Hamby wrote on 2024-11-21, 00:54:
Thanks but I was thinking more in terms of parallel coms, not serial coms 😀
Here is an overview. We're assuming it's a bare-bones, output only parallel port.
For LPT1: your data port (output) is 378h. Whatever you put there goes to pins 2-9 of the parallel port.
Your status port (input) is 379h. The bits in it are 0:reserved, 1: reserved, 2:IRQ, 3:ERROR#, 4:SELECT, 5:PAPER_OUT, 6:ACK#, and 7:BUSY#
For more detail, https://wiki.osdev.org/Parallel_port
Assuming your LapLink cable has standard pinout, bits 0 through 5 go to pins 15(ERROR#), 13(SELECT), 12(PAPER_OUT), 10(ACK#), and 11(BUSY#) on the other side. Now we see the reason for the pinout. So, whatever we write to the output port is shifted to the left by 3 bits at the status port at the other end. Despite a few of these status lines being marked as active-low, it is only BUSY# that appears inverted at the other side, when using a null-printer cable (https://bitsavers.org/pdf/ibm/pc/pc/6025008_P … rence_Aug81.pdf p. 2-68).
The other piece to mention here is that when set up properly, the parallel port will generate an IRQ 7 on the proper transition of the ACK line. That allows your nibble-mode parallel port code to transition between idling and intensive bit-banging polling-mode operation. The latter is needed when exchanging nibbles to make it fast. It is a per-nibble, stop-and-wait protocol between the two sides. Another general rule is to not accept the value of the status port until it doesn't change on two consecutive reads (and you might have some number of microsend delay on reading it too).
You could review the Linux plip_send for an idea: https://github.com/torvalds/linux/blob/master … lip/plip.c#L710
Basically the sending protocol there is:
- Place the low nibble on bits 0 through 3 of output and set bit 4 to zero. Then flip bit 4 from zero to one. This causes the BUSY# line to transition from one to zero on the opposite end.

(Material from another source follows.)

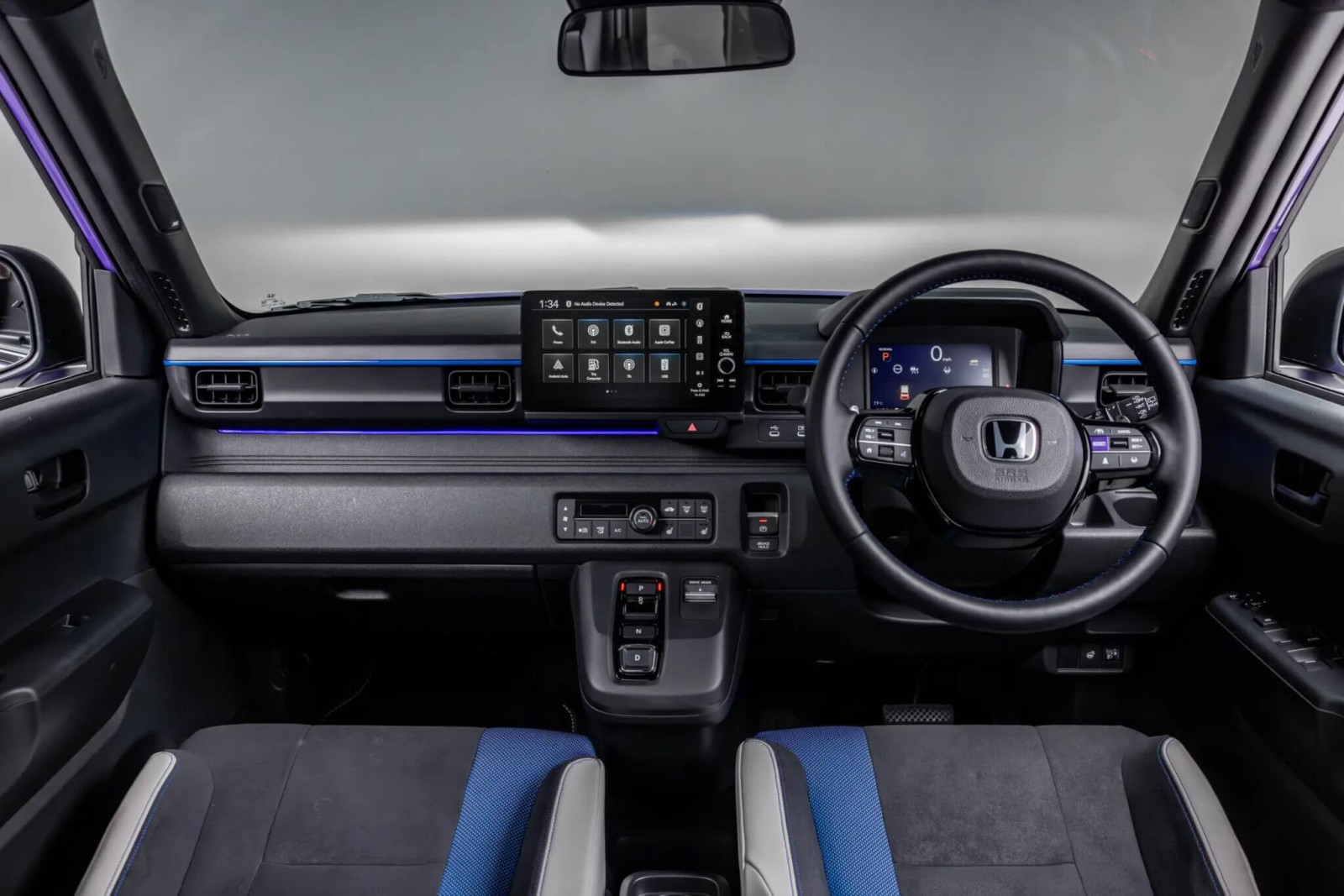 Στο εσωτερικό, το Honda Super-N έχει τονισμένα πλαϊνά στα καθίσματα, μπλε λεπτομέρειες και ατμοσφαιρικό φωτισμό που αλλάζει σε μωβ όταν πατάς τη λειτουργία Boost Mode.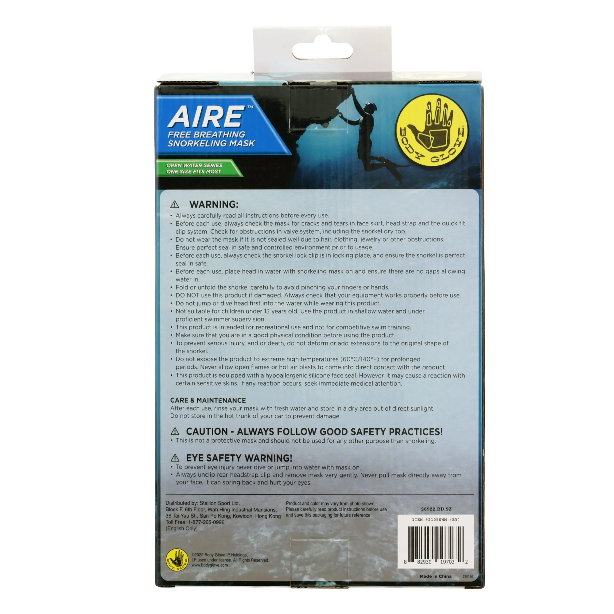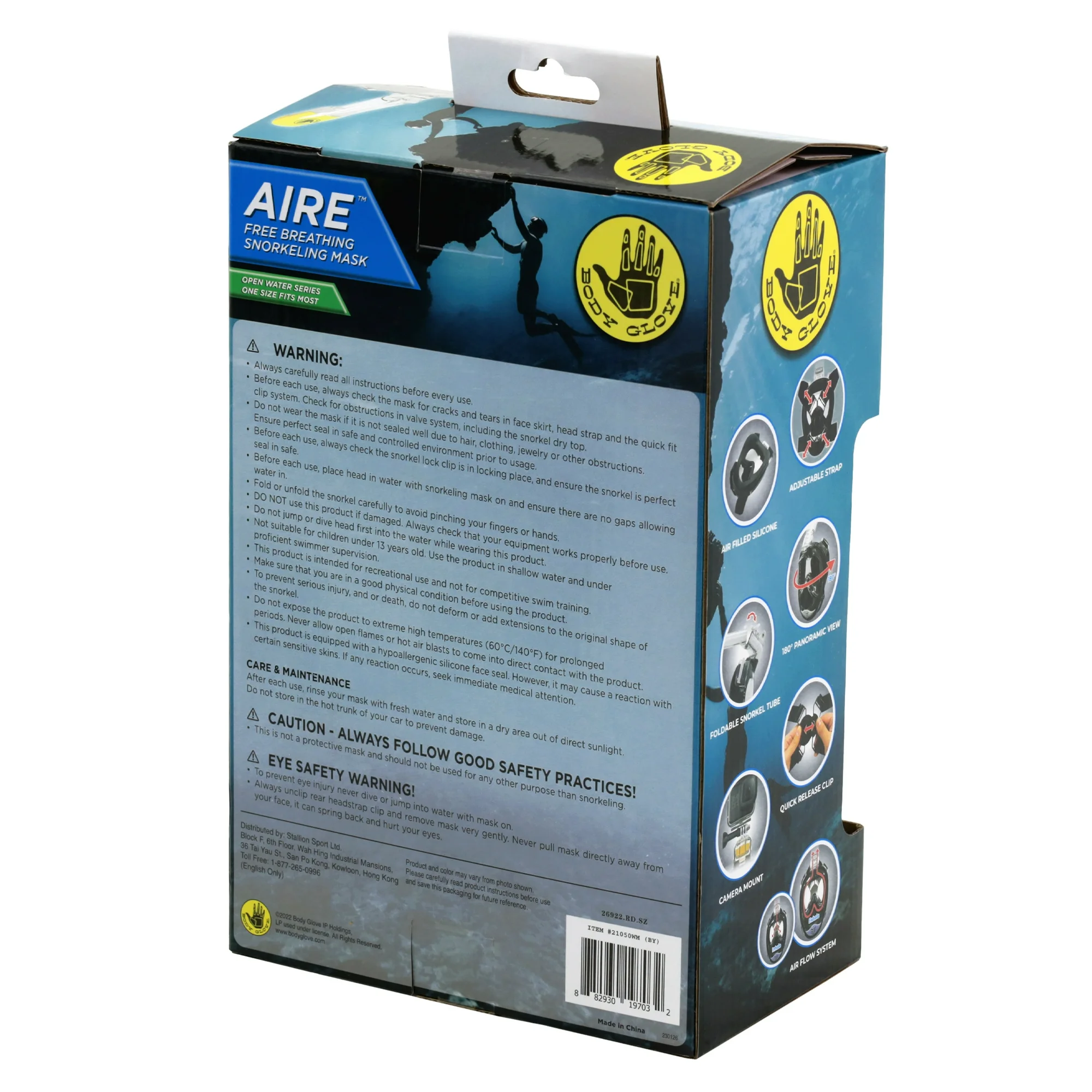 Body Glove Aquatic Aire Full Face Snorkel Wide Angle Diving Mask is perfect for your next snorkeling and diving ocean outing. The Aquatic Aire Snorkel Mask is designed with panoramic vision and a fog free system for a clear 180-degree panoramic view. Never deal with fog again with a clear scratch wide angle resistant lens. Air-Filled silicone cushioning seal, dry-top snorkel, GoPro camera mount and comfortable adjustability allows you to focus on important things while you are in the water.

- Continue reading from the status port until bit 7 (BUSY#) is zero, meaning that the other side has set bit 4 to one on their end, acknowledging the incoming nibble.
- Place the high nibble on bits 0 through 3 of output, continuing to leave bit 4 set to one.
- Flip bit 4 from one to zero. This causes the BUSY# line to transition from zero to one on the opposite end.
- Continue reading from the status port until bit 7 (BUSY#) is one, meaning that the other side has cleared bit 4 on their end, acknowledging the incoming nibble.
If you look at plip_receive, line 484, it is symmetric. Wait until status port until bit 7 clears, then grab bits 3 through 6 as the low nibble. Set output port bit 4. Wait until status port bit 7 sets, then grab bits 3 through 6 as the high nibble. Clear output port bit 4.
Aside from that, the complexity is in the state machine and all in the timeouts, checksums, and other error handling (like collisions) and in triggering the interrupt on the other end when needed.
As you can see at line 859, the implementation idles by writing zero to the output port (so status port bit 6, ACK#, rests at 1), and on line 777, wakes up the other end by writing 0x08 to the output port (causing status port 6, ACK#, to transition from 1 to 0 at the other end, generating an IRQ and waking it up).